### WORK ORDER
Give back the exact lines of the material below from the one containing "Feelino Tasse a" through the one containing "This is a light", and no pictures.

### STORED DATA
◆ ◆ ◆

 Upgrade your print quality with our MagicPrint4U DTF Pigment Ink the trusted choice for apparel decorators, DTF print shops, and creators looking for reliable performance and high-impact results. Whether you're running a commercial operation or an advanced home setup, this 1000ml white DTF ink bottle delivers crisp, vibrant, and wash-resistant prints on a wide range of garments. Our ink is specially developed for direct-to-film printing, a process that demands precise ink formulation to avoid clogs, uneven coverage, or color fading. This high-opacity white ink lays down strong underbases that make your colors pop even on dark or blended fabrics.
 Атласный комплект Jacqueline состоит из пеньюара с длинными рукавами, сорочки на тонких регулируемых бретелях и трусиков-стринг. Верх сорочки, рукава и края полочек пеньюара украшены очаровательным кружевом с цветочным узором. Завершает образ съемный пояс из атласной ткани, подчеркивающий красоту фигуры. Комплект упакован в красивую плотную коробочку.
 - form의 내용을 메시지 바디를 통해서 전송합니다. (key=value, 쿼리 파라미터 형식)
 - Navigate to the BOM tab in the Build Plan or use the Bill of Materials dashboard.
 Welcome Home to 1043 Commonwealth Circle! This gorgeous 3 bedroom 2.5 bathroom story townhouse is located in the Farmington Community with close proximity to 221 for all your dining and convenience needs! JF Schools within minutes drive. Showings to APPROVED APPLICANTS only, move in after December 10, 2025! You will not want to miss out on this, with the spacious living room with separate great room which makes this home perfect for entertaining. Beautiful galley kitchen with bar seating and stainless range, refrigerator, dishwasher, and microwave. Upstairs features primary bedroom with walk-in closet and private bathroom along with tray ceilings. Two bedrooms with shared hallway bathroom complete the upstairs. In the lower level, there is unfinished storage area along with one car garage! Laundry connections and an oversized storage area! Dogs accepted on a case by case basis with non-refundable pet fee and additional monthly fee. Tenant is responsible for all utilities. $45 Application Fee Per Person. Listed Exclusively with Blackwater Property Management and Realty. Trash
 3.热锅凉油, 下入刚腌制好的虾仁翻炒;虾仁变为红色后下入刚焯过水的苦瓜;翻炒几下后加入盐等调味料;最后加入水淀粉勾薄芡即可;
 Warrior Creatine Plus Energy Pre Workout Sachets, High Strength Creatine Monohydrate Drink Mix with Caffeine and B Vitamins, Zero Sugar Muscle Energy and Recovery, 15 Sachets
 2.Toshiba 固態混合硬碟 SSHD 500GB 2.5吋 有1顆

◆ ◆ ◆

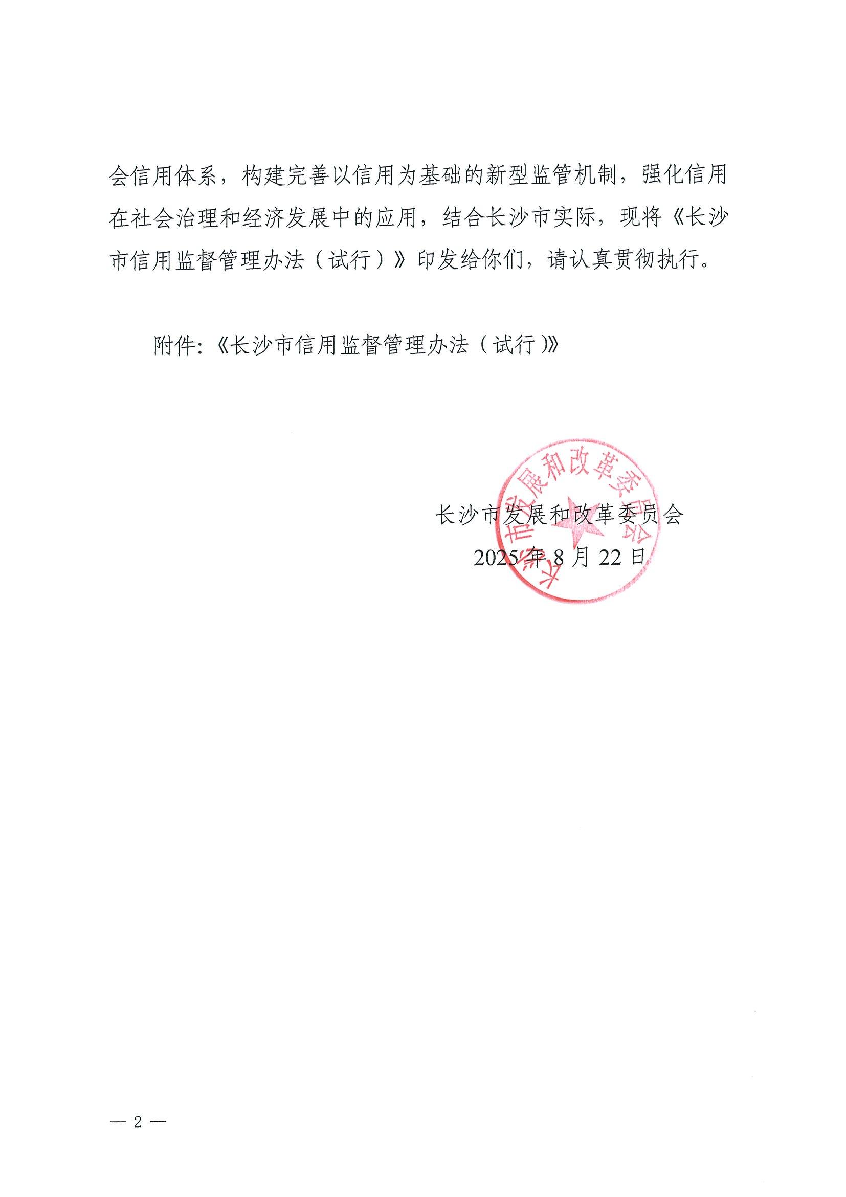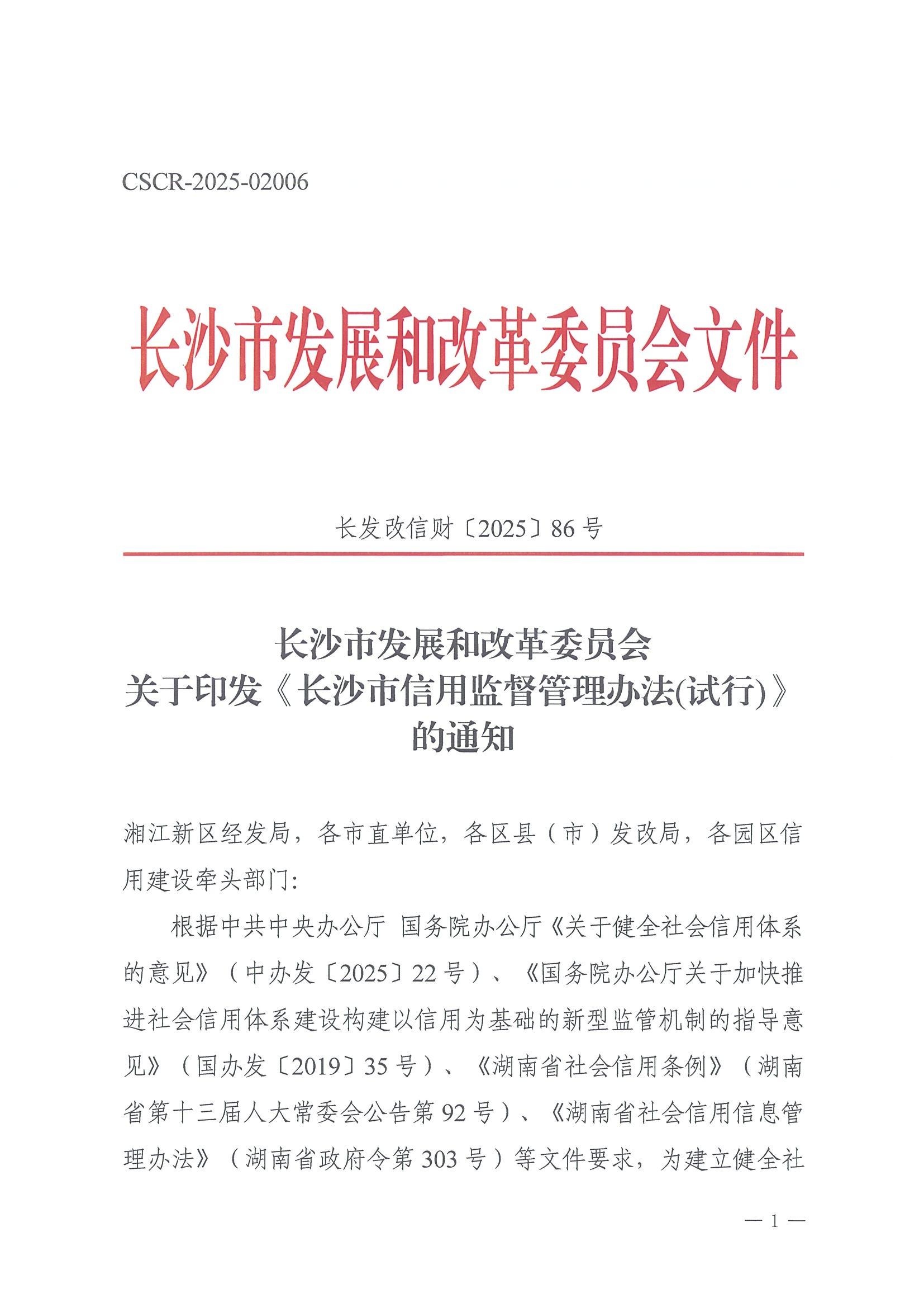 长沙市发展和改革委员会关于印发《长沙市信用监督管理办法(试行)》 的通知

◆ ◆ ◆

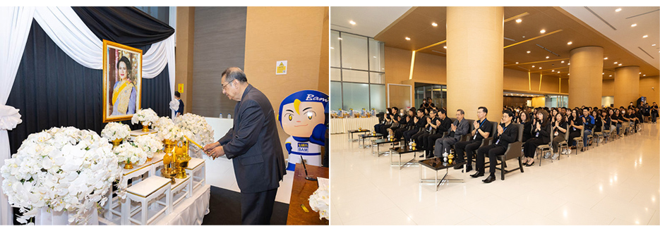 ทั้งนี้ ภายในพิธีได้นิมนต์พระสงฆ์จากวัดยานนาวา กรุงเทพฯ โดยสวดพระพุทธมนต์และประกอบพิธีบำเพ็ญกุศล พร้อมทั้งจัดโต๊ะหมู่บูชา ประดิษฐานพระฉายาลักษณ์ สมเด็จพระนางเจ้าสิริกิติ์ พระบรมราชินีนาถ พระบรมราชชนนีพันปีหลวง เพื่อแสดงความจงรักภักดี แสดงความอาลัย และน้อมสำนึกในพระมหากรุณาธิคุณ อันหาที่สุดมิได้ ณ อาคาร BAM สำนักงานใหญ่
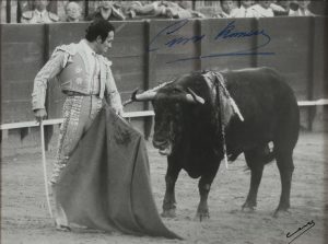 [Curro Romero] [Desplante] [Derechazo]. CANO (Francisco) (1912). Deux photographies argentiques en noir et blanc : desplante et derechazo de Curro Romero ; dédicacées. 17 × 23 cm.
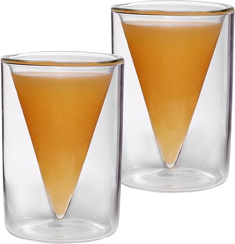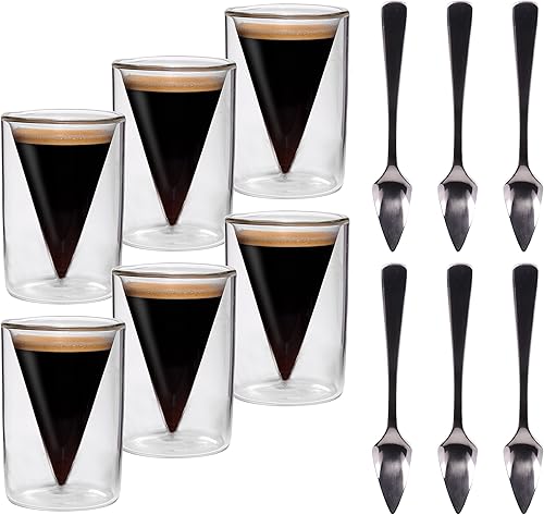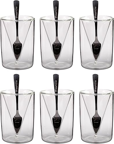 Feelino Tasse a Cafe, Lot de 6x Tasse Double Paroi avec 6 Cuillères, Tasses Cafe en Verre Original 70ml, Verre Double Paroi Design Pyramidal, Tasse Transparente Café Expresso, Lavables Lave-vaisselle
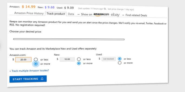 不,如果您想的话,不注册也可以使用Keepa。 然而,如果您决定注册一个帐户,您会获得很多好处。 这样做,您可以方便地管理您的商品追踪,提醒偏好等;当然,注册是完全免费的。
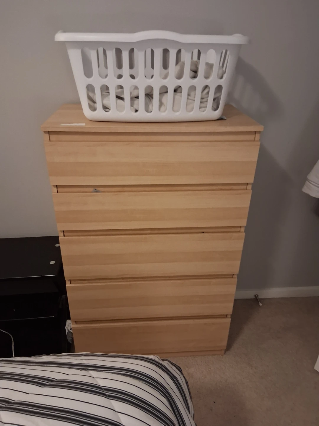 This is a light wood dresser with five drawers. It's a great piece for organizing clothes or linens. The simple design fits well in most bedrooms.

◆ ◆ ◆

### RESPONSE TO THE EXERCISE
 Feelino Tasse a Cafe, Lot de 6x Tasse Double Paroi avec 6 Cuillères, Tasses Cafe en Verre Original 70ml, Verre Double Paroi Design Pyramidal, Tasse Transparente Café Expresso, Lavables Lave-vaisselle
 不,如果您想的话,不注册也可以使用Keepa。 然而,如果您决定注册一个帐户,您会获得很多好处。 这样做,您可以方便地管理您的商品追踪,提醒偏好等;当然,注册是完全免费的。
 This is a light wood dresser with five drawers. It's a great piece for organizing clothes or linens. The simple design fits well in most bedrooms.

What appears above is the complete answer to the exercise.